La critique de Julien
Ayant commencé comme photographe plateau, puis comme conseiller technique, tout en enchaînant en tant que directeur artistique sur les comédies "Pattaya" (Franck Gastambide, 2016), "Coexister" (Fabrice Éboué, 2017) et "Taxi 5" (Franck Gastambide, 2018), John Wax a depuis franchi le cap, non pas encore de l’Himalaya, mais de la réalisation, lui qui a depuis coréalisé "Tout Simplement Noir" (2020) avec son ami de longue date Jean-Pascal Zadi, lesquels ont récemment signé la série "Kôkôrîkô" pour Canal+. Le voici qu’il gravit donc seul, le sommet de la montagne, et met en scène ici la comédie dramatique "En Tongs au Pied de l’Himalaya". Et si l’on avait pu croire, de prime abord, à un road-trip, semble-t-il, mal chaussé jusqu’au pied de l’Himalaya, il n’en est pourtant rien dans ce tendre et émouvant premier film. Ou du moins, pas explicitement, mais bien métaphoriquement. En effet, une mère d’un enfant de six ans atteint d’un trouble de spectre de l’autiste, et tout juste célibataire (Audrey Lamy), se verra dépassée par la situation, et devra apprendre à porter Andréa (Eden Lopes) sur ses épaules, afin qu’ils gravissent, ensemble, une montagne pour laquelle elle pensait ne pas être équipée au départ. Or, cela pourrait permettre à Andréa de poursuivre une scolarité à l’école élémentaire sans être déscolarisé pour un établissement spécialisé, lequel s’apprête, en effet, à passer en CP (l’équivalent, en Belgique, de la première année du primaire)...

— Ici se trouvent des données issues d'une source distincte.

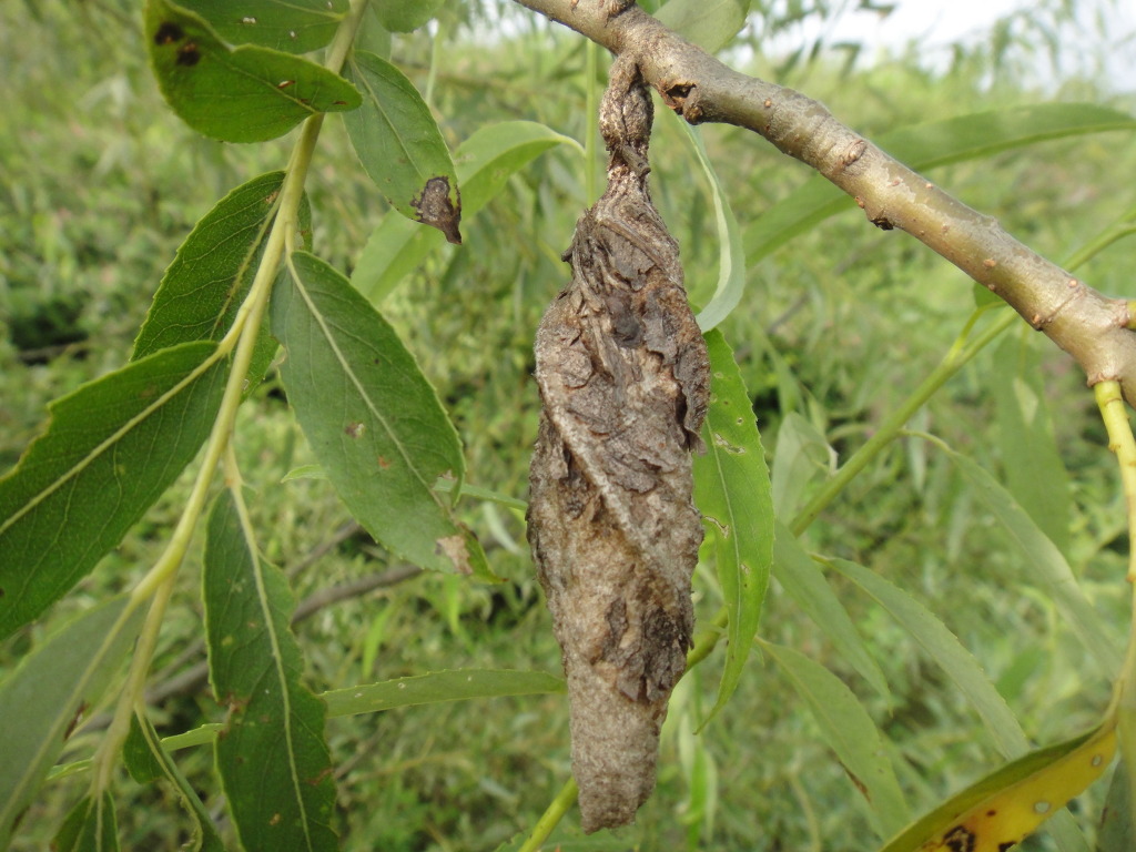 * 주머니나방 * 나비목 주머니나방과의 곤충으로서 도롱이나방 또는 도롱이벌레라고도 합니다. 수컷은 날개를 편 길이가 약 20∼26 mm 정도이며 몸빛깔은 흑갈색의 털로 덮여 있고 무늬는 없으며 더듬이는 빗살 모양입니다. 암컷은 날개와 다리가 없고 몸길이는 15∼18 mm로 몸의 털은 성충이 되면 곧 빠집니다. 수컷은 성충이 되어 밖으로 날아가지만 암컷은 계속 집속에서 살며 수컷이 날아와 번식합니다. 연 1회 4∼7월에 나타나며 유충은 가늘고 긴 통꼴인데, 나무껍질의 작은 조각을 붙인 도롱이를 만들고 그 속에 숨으며 주로 식사할 때만 몸을 밖으로 내밀고 자기가 만든 집을 떠나지 않습니다. 활엽수를 비롯한 각종 수목의 잎과 나무껍질, 이끼 등을 먹고 삽니다. 주머니나방과의 나방유충이 만든 집은 제각각 달라 종의 특징을 나타내므로 종의 구별에도 이용됩니다. 한국의 주머니나방과 곤충에는 애기주머니나방속, 차주머니나방속, 주머니나방속을 포함한 5속 6종이 분포합니다.

Adapté du seul-en-scène de Marie-Odile Weiss "En Tongs au Pied de l’Himalaya" (2020), alors inspiré de son histoire personnelle de maman d’un enfant autiste, ce film bénéficie justement de la plume de cette dernière, ayant coécrit son scénario avec John Wax. Or, son film n’est pas à proprement parler un film qui parle de l’autisme. D’ailleurs, le jeune Eden Lopes, âgé réellement de huit ans, n’est lui-même pas atteint d’autisme, et joue donc là un vrai rôle de composition, aiguillé par Marie-Odile Weiss sur le tournage, afin qu’il se comporte comme tel, avec la gestuelle et la manière de s’exprimer. Le film ne centre pas son récit sur ce trouble du neurodéveloppement, bien qu’il questionne la position de l’enseignement fondamental face à celui-ci (en témoigne ici les nombreuses discussions entre les parents d’Andréa et le corps enseignant), et nous en montre ainsi des facettes au quotidien, et cela au travers de la vie d’une mère quelque peu épuisée et paumée, et s’apprêtant à franchir, elle, le cap de ses 40 ans. Ayant, en effet, toujours vécu aux crochets de son ex-compagnon (Nicolas Chupin) mais également de son père (Stéphan Wojtowicz), Pauline va devoir apprendre à devenir responsable et autonome si elle espère pouvoir donner une chance à son fils, elle qui squatte désormais l’appartement que père - davantage attentionné envers ses chats que sa famille - a prêté à son frère chômeur invétéré (Benjamin Tranié), tandis qu’elle tente d’oublier ses soucis dans l’alcool lorsqu’elle n’a pas la garde de son fils...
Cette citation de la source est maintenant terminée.